# Changing rear end oil???



## TESLAFIED-GTO (Nov 19, 2007)

Is there a plug in the rear end to drian, or do I have to take the cover off to drian?? I have done this before in a truck once, but what are those two bolts coming out the back for??


----------



## TESLAFIED-GTO (Nov 19, 2007)

HELLOOOOOO!!!

I see lots are reading.....Can someone help???


----------



## fattirewilly (May 26, 2006)

http://www.gtoforum.com/f3/need-help-trans-diff-fluid-change-12177/

I haven't done it yet, but found that.


----------



## sheekoGTO (Feb 28, 2008)

TESLAFIED-GTO said:


> HELLOOOOOO!!!
> 
> I see lots are reading.....Can someone help???


Here you go..hope that would help!

Differential, Manual Transmission & Engine Oil changes


----------



## mr.gto (Jul 2, 2008)

only thing is our diffs take 75-140 from the factory lol I just did mine last night with the royal purple stuff..... Oh and I didnt add that extra .8 quarts cuz i didnt know..... will this harm anything?


----------



## GTO JUDGE (May 14, 2005)

mr.gto said:


> only thing is our diffs take 75-140 from the factory lol I just did mine last night with the royal purple stuff..... Oh and I didnt add that extra .8 quarts cuz i didnt know..... will this harm anything?
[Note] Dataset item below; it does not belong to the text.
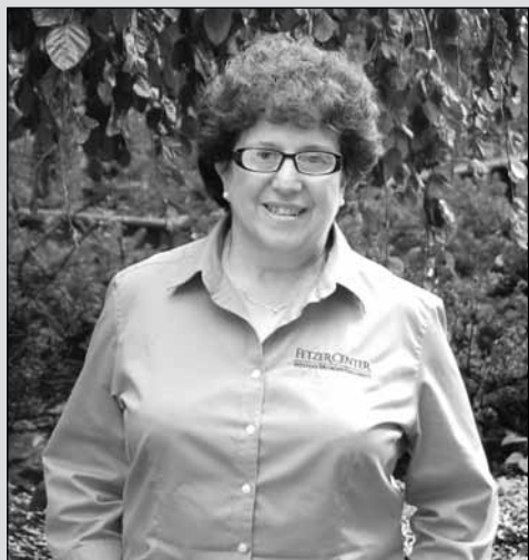
CENTERED ON EVENT PLANNING

Did you add the friction modifier?


----------



## GM4life (Mar 18, 2007)

GTO JUDGE said:


> Did you add the friction modifier?


Don't need to with RP it contains limited slip additive.


----------



## GM4life (Mar 18, 2007)

mr.gto said:


> only thing is our diffs take 75-140 from the factory lol I just did mine last night with the royal purple stuff..... Oh and I didnt add that extra .8 quarts cuz i didnt know..... will this harm anything?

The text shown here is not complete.